Immobilier

Le départ de Nexity de la FPI déroute les promoteurs

Mots clés : Bâtiment d’habitation individuel - Entreprise du BTP - Gouvernement

Après le choc, l’analyse. Les promoteurs se confient au Moniteur sur la sortie de Nexity de la FPI. Pour beaucoup, ce départ est lié à la place particulière qu’occupe la société au sein de la fédération, et à la personnalité de son P-DG, Alain Dinin, surnommé « l’autre ministre du logement ».

 

La surprise a été totale chez les promoteurs. Nexity, le leader de la promotion immobilière en France (près de 19 000 réservations en 2016), a annoncé par voie de presse le 4 octobre dernier son intention de quitter la fédération des promoteurs immobiliers (FPI). La raison selon Alain Dinin, son P-DG ? La fédération « aurait dû faire preuve de plus de solidarité vis-à-vis des bailleurs sociaux et des constructeurs de maisons individuelles ». Rappelons qu’avant les annonces d’Emmanuel Macron aux 24H du Bâtiment organisées par la FFB, ces derniers étaient les grands perdants de la stratégie logement. Alain Dinin reproche à l’organisation présidée par Alexandra François-Cuxac un lobbying trop axé sur le recentrage des dispositifs fiscaux prêt à taux zéro et Pinel dans les zones tendues.

Cette sortie crée des grabuges dans le secteur. A tel point qu’une rumeur, parue dans la presse en début de semaine, faisait état de l’éviction probable de la présidente de la FPI. Bouygues Immobilier et Pitch Promotion auraient été à la tête de fronde. L’information, publiée dans la Lettre de l’Expansion, a été démentie quelques heures plus tard par Bouygues chez nos confrères de Business Immo. Même contestation du côté de Pitch Promotion.

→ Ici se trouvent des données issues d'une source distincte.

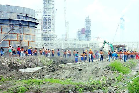 In an eight-hour long clash that lasted until 4:30am yesterday, hundreds of Thai and Filipino laborers fought with rocks, pipes and gasoline bombs at the Formosa Plastic Group's Sixth Naptha Cracker site in Mailiao, Yunlin County, injuring over 20 people. Four Filipino workers were hospitalized with severe head injuries and dozens of others suffered minor injuries in the brawl, police said. Two remain hospitalized late last night.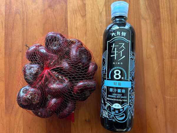 制作配料:荸荠1袋 大蒜2个 蒜苗1根 生抽2勺 盐半勺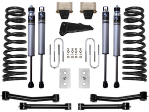 2009-2012 Ram 2500/3500 4.5" Stage 1 Suspension System utilizes the same technology as the 2.5" systems while adding lift height and ground clearance. Additional engineered front end components are added to ensure proper steering geometry with improved function throughout the entire travel range whether on or off road. The Stage 1 System is comprised of dual rate coil springs, tubular steel upper & lower link arms, polyurethane bumpstops w/ billet extension, sway bar drop brackets, forged pitman arm, track bar drop bracket, rear 2.5" lift blocks with u-bolts, and 2.0 Aluminum Series smooth body shocks. ICON steel upper & lower links increase performance, strength, and range of alignment. These link arms decrease the bind found in the factory link bushings. This entry level system with billet link arms is great for towing, rough construction site terrains, and country dirt roads all while keeping a smooth highway feel. Installing this kit allows proper clearance for 35" tall tires with no modifications, and some 37" tires with minor fender well trimming for clearance. With the endless hours ICON has spent testing and tuning our suspension components and shocks together, you can rest assured you have the best suspension solution on the market.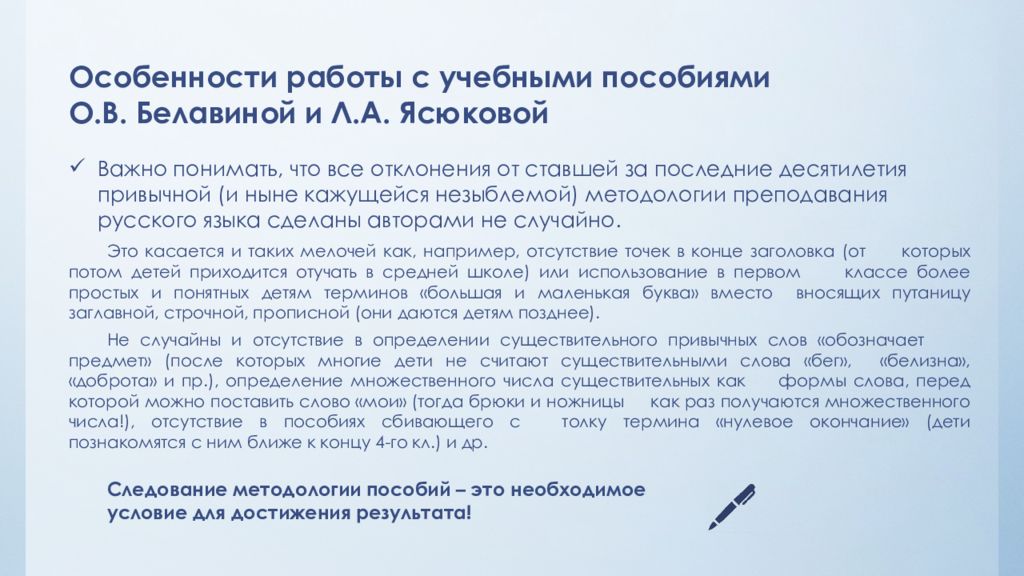 Особенности работы с учебными пособиями О.В. Белавиной и Л.А. Ясюковой Важно понимать, что все отклонения от ставшей за последние десятилетия привычной (и ныне кажущейся незыблемой) методологии преподавания русского языка сделаны авторами не случайно. Это касается и таких мелочей как, например, отсутствие точек в конце заголовка (от которых потом детей приходится отучать в средней школе) или использование в первом классе более простых и понятных детям терминов «большая и маленькая буква» вместо вносящих путаницу заглавной, строчной, прописной (они даются детям позднее). Не случайны и отсутствие в определении существительного привычных слов «обозначает предмет» (после которых многие дети не считают существительными слова «бег», «белизна», «доброта» и пр.), определение множественного числа существительных как формы слова, перед которой можно поставить слово «мои» (тогда брюки и ножницы как раз получаются множественного числа!), отсутствие в пособиях сбивающего с толку термина «нулевое окончание» (дети познакомятся с ним ближе к концу 4-го кл.) и др. Следование методологии пособий – это необходимое условие для достижения результата!

Auprès du Moniteur, son P-DG, Christian Terrassoux, également vice-président de la FPI, a tenu à rappeler son soutien à Alexandra François-Cuxac. 

 

Une sortie surprenante, selon les promoteurs

 

Dans les instances régionales de la fédération, l’annonce de Nexity fait, à chaud, l’effet d’un choc. « Rien ne laissait présager cette sortie », s’étonne Philippe Depasse, président de la FPI Hauts-de-France. « Si ce départ devait se concrétiser, nous le regretterions », déplore Patrice Pinson, président de la chambre bretonne. Parmi les adhérents de l’organisation professionnelle, même stupeur. « Par définition, une fédération ne fait pas toujours l’unanimité parmi ses membres. Mais cette réaction parait anormale », estime Pierre Sorel, à la tête du francilien Sogeprom.